I could be here all day but a few stand out. Going right back to the very start I used to work for a distribution company called Stage 1. We’d drive round all the record shops on Friday and Saturday selling records from shop to shop straight out of the back of a Mini Metro. We went to Ipswich’s  Redeye Records where Spirit worked and he put on Goldie’s You & Me in the shop.

It was like ‘wow – this is stepping up’. You don’t forget feelings like that in your life. Ever. Obviously we had Terminator several years before which changed the game and showed us how dark the dark side could get. I also remember getting this cassette with a 21 minute version of Inner City Life. But You & Me? The musicality of it blew my mind. I’ll never forget Spirit putting the needle down and it filling the shop.

More of this please!

Hearing Swarm by Doc Scott at an all dayer in Finsbury Park. Headz had a tent there – Blue Note days, Kemi & Storm, Grooverider, Doc Scott… All those guys. When Swarm dropped and it knocked me off my feet. Another big memory.

But if we’re going back, like properly back… Then it has to be Lennie De Ice We Are IE. I was with Randall the first time he played that. The first time anyone played it as far as I know. We were part of the same crew – De Underground Records – and there was this big rave called Living Dream.

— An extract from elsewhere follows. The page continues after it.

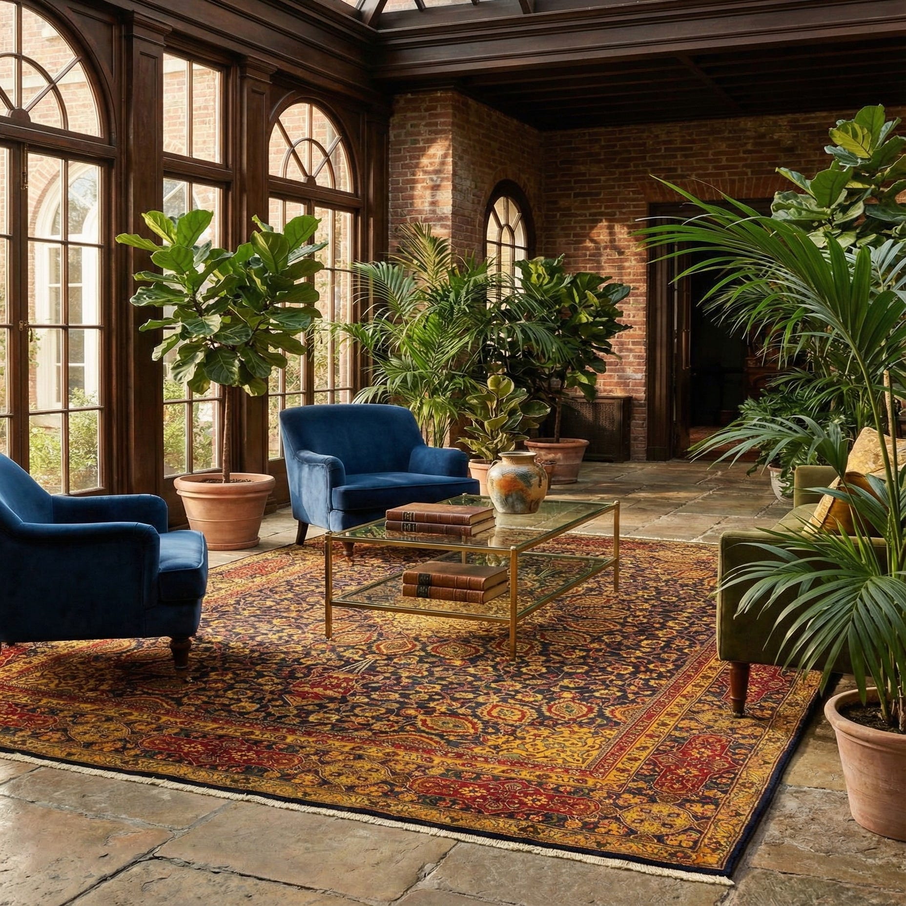 Primary color is Black. Colors in this rug include: Black, Red, Green.

Randall was playing. Carl Cox had played before him. N-Joi before him. He drops We Are IE and, for me and probably everyone in the building, the music has never been the same. Total chaos – a lot of people didn’t even know how to comprehend it. Everything we love now dates back to moments like this. There have been millions massive changes over the years but these were where it all started.